Manifestement, la fin des années 60 a bouleversé la musique rock. L’explosion de toutes ses limites, des frontières entre styles, a permis d’exploiter au maximum les possibilités musicales et instrumentales des musiciens, en quête d'imagination, en dehors des canons du bien-pensant commercial. La musique underground était occupée de naître, principalement aux Etats-Unis, même si les Anglais développaient des ressources de créativité énormes. Cette collection justement baptisée "Hors la Loi créatifs" est sous-titrée "US Underground 1962-1970". Elle s'attache donc à retracer cette révolution culturelle qui a sévi de l'autre côté de l'Atlantique.
Parmi les premiers artisans de ce mouvement, certains ont traversé le temps. Et je pense tout d’abord à Jimi Hendrix, pourtant décédé il y a déjà 37 ans. Son dépeçage de l'hymne américain "Stars Spangled Banner" et sa reconstitution totalement déjantée en est la plus belle illustration. Sa révolution aussi. Et il la proclame ici sur la scène de l'Albert Hall de Londres. Particulièrement engagé, le MC5 incarnait un autre protagoniste du désordre. Son message politique était extrême. Son cri de fureur symbolisé par "Kick out the Jams". Cette cité de l’enfer a enfanté un iguane immortel : Iggy Pop. Alors aux commandes des Stooges, il était également issu de la motor-city de Detroit. Il célèbre ici son ode à la frénésie : "1969". Davantage expérimental, avant-gardiste même, Captain Beefheart affrontait le blues de l'impossible. Cette compile en épingle "Dachau blues".

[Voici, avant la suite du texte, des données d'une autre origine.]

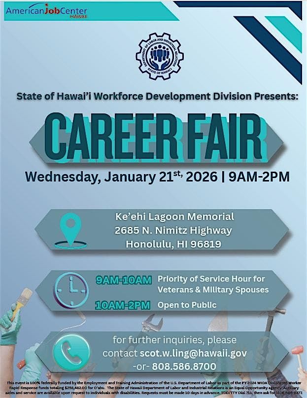The Hawaiʻi State Department of Labor and Industrial Relations (DLIR) will host an in-person career fair on Wednesday, January 21st, 2026 from 9 a.m. to 2 p.m. at Keʻehi Lagoon Memorial, located at 2685 North Nimitz Highway. This event is designed to connect job seekers directly with hiring employers from a wide range of industries across the state.

De la génération flower power à l'acid rock de San Francisco, de Haight et Ashbury, on retiendra surtout Country Joe & the Fish. Son "I feel like I'm fixin' to die" a été immortalisé au festival de Woodstock. Et bien sûr la chanteuse Grace Slick, militant alors chez le Great Society. Elle nous propose ici une première version de "Somebody to love", compo qui deviendra un énorme hit pour le Jefferson Airplane. Créateur unique en son genre, Moondog est un artiste emblématique issu de New York. Soutenu par Charlie Parker et Charles Mingus, il a immortalisé "On Broadway" dans les rues de la métropole. Les Fugs ont davantage forgé leur réputation sur une attitude anti-conventionnelle qu’à travers leur musique. Pourtant, leur "The garden is open" libère un son incroyable. Faut dire que tout devenait possible dans ce monde halluciné où se mêlaient drogue, violence et révolution sexuelle. Pearls Befoser Swine pratiquait déjà ce qu’on appelle du folk psychédélique. Drivée par Tom Rapp, cette formation stigmatisait le conflit armé au sein duquel les States s’étaient engagés au Vietnam. "Uncle John" en est la parfaite illustration.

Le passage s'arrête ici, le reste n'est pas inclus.